Step 5: Start the LiteLLM Proxy Stack
Use the following command to start the stack:
docker compose up -d
Check the containers’ status:
docker compose ps
docker logs -f litellm_proxy
You should see LiteLLM listening on http://0.0.0.0:4000 and connecting to the Postgres database. At this point, the unified gateway is up and ready.

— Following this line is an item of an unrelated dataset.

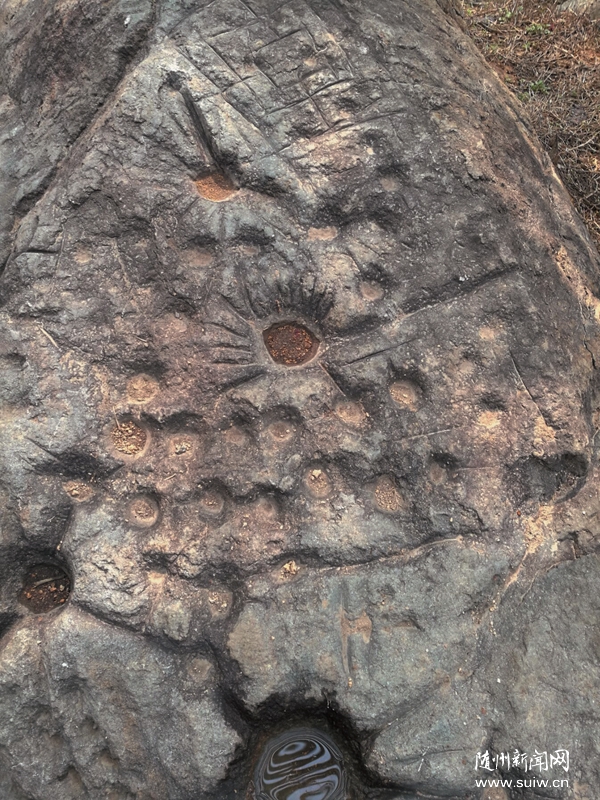 这也就意谓着,随县境内桐柏山岩画中的大多数作品,正是神农时代的先民们所创作。专家们指出,这些岩画的发现,填补了中国中原地区没有人面像岩画的空白,是非常重要的历史遗迹,必须要加以保护。对于这些岩画的解读,有可能是刻石记事,也有可能是天文星象等等。而头戴王冠的人像,则是太阳神的象征。太阳神像被放置在山上,女阴图案集中出现在溪水旁,说明先民当时已有“以山为阳,以水为阴”的观念。

Step 6: Access the LiteLLM Proxy Admin UI and Swagger
To access the admin panel, open your browser and go to:
http://YOUR_VPS_IP:4000/ui
To access the Swagger, you can go to:
http://YOUR_VPS_IP:4000/
Log in with the Admin username and password you have set in the Docker compose YAML file.
From there, you can:
- Generate new virtual API keys.
- See logs and spend per key.
- Add models via the UI when
STORE_MODEL_IN_DB=True.
This turns your setup into a full gateway for teams.
Test Your LiteLLM Proxy Deployment with curl
You can test the OpenAI‑compatible endpoint using one of the logical model names, like gpt-4o-mini:
curl http://YOUR_VPS_IP:4000/v1/chat/completions \
-H "Content-Type: application/json" \
-H "Authorization: Bearer sk-your-master-key-1234" \
-d '{
"model": "gpt-4o-mini",
"messages": [
{"role": "user", "content": "Hello from LiteLLM proxy on a VPS!"}
]
}'
If you get a normal Chat Completion JSON response, your setup is working.

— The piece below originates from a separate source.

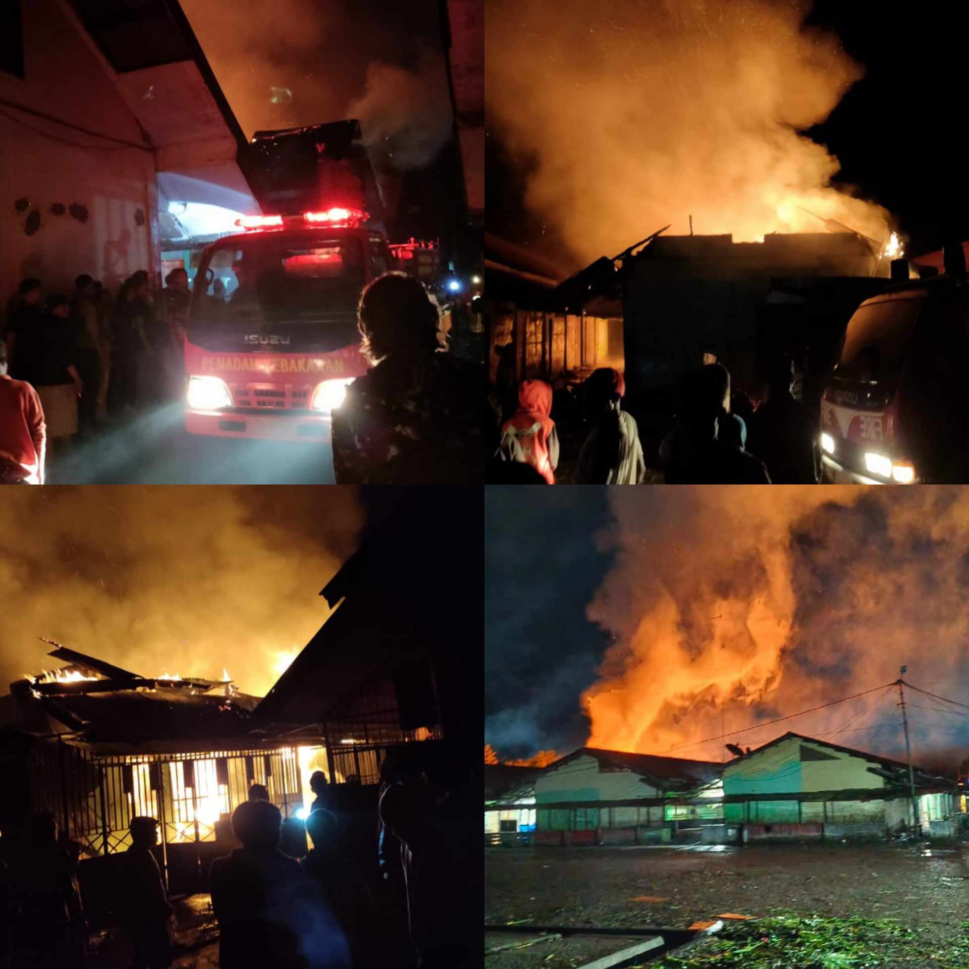 Wamena Papua Tengah – Masyarakat dikejutkan dengan adanya kebakaran yang terjadi di Pasar Jibama yang mengakibatkan 16 pintu kios hangus terbakar, Minggu (16/07) pukul 03.15 Wit.

You can also use the local-llm model:
curl http://YOUR_VPS_IP:4000/v1/chat/completions \
-H "Content-Type: application/json" \
-H "Authorization: Bearer sk-your-master-key-1234" \
-d '{
"model": "local-llm",
"messages": [
{"role": "user", "content": "Reply from the self-hosted model"}
]
}'
Test Your LiteLLM Proxy Deployment from Python
Because the proxy is OpenAI‑compatible, any OpenAI client can point to it by changing only base_url and the key.
pip install openai
Then use this script for Python 3.10 and higher:
from openai import OpenAI
client = OpenAI(
base_url="http://YOUR_VPS_IP:4000/v1",
api_key="sk-your-master-key-1234",
)
resp = client.chat.completions.create(
model="gpt-4o-mini",
messages=[{"role": "user", "content": "Test message via LiteLLM proxy"}],
)
print(resp.choices[0].message.content)
If this prints a response, you have successfully deployed LiteLLM Proxy on a VPS as a drop‑in OpenAI‑compatible gateway.
Conclusion
Deploying LiteLLM Proxy on a VPS is a simple move that gives your team a unified OpenAI‑compatible API, even if you use many providers and a mix of cloud and self‑hosted models. LiteLLM acts as a control plane between your apps and models so that you can focus on product features rather than keys, routing, and policy logic.
We hope you enjoy this guide. For more detailed information, you can check the official LiteLLM Docker Page.
FAQs
Can I add more providers after deploying LiteLLM Proxy?
Yes, just add more entries under model_list in config.yaml file and restart the container.
Can I skip Postgres in the LiteLLM Proxy deployment?
Yes, remove the db service and DATABASE_URL to run without a database, but you lose the UI‑based model and key management.
How do I manage teams and budgets in LiteLLM Proxy deployment?
Enable the database, set a master_key, and use the Admin UI plus key‑generation endpoints to create scoped keys and track spend.